_Exercise details_.
Repeat the lines from the line with "وقال جعجع في" to the line with "bei VANTRUE Site" in the listing below, keeping both end lines and adding nothing.

_Data to examine_.
Content starts

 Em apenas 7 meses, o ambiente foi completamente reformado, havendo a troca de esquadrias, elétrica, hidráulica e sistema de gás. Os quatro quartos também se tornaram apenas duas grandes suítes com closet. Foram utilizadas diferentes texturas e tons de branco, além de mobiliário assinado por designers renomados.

Content ends
Content starts

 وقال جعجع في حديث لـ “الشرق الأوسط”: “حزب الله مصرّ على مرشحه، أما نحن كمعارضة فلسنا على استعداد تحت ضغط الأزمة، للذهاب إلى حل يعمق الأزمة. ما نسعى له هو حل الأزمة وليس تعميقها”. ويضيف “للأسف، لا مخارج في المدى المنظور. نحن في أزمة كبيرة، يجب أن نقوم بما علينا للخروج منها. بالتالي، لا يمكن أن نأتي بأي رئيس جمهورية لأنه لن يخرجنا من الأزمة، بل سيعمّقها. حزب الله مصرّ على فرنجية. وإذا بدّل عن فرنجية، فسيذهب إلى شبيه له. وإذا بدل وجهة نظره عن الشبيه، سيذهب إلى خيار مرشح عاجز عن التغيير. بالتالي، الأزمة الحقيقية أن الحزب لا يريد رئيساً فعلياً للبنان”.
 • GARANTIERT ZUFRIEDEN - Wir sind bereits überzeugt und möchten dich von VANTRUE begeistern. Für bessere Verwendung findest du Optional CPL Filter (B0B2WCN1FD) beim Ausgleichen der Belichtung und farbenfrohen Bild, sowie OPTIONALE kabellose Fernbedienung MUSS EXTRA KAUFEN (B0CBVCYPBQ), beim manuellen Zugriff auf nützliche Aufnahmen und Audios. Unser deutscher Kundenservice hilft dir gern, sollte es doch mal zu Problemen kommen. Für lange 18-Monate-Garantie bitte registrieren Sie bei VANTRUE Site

Content ends

_Exercise response_.
 وقال جعجع في حديث لـ “الشرق الأوسط”: “حزب الله مصرّ على مرشحه، أما نحن كمعارضة فلسنا على استعداد تحت ضغط الأزمة، للذهاب إلى حل يعمق الأزمة. ما نسعى له هو حل الأزمة وليس تعميقها”. ويضيف “للأسف، لا مخارج في المدى المنظور. نحن في أزمة كبيرة، يجب أن نقوم بما علينا للخروج منها. بالتالي، لا يمكن أن نأتي بأي رئيس جمهورية لأنه لن يخرجنا من الأزمة، بل سيعمّقها. حزب الله مصرّ على فرنجية. وإذا بدّل عن فرنجية، فسيذهب إلى شبيه له. وإذا بدل وجهة نظره عن الشبيه، سيذهب إلى خيار مرشح عاجز عن التغيير. بالتالي، الأزمة الحقيقية أن الحزب لا يريد رئيساً فعلياً للبنان”.
 • GARANTIERT ZUFRIEDEN - Wir sind bereits überzeugt und möchten dich von VANTRUE begeistern. Für bessere Verwendung findest du Optional CPL Filter (B0B2WCN1FD) beim Ausgleichen der Belichtung und farbenfrohen Bild, sowie OPTIONALE kabellose Fernbedienung MUSS EXTRA KAUFEN (B0CBVCYPBQ), beim manuellen Zugriff auf nützliche Aufnahmen und Audios. Unser deutscher Kundenservice hilft dir gern, sollte es doch mal zu Problemen kommen. Für lange 18-Monate-Garantie bitte registrieren Sie bei VANTRUE Site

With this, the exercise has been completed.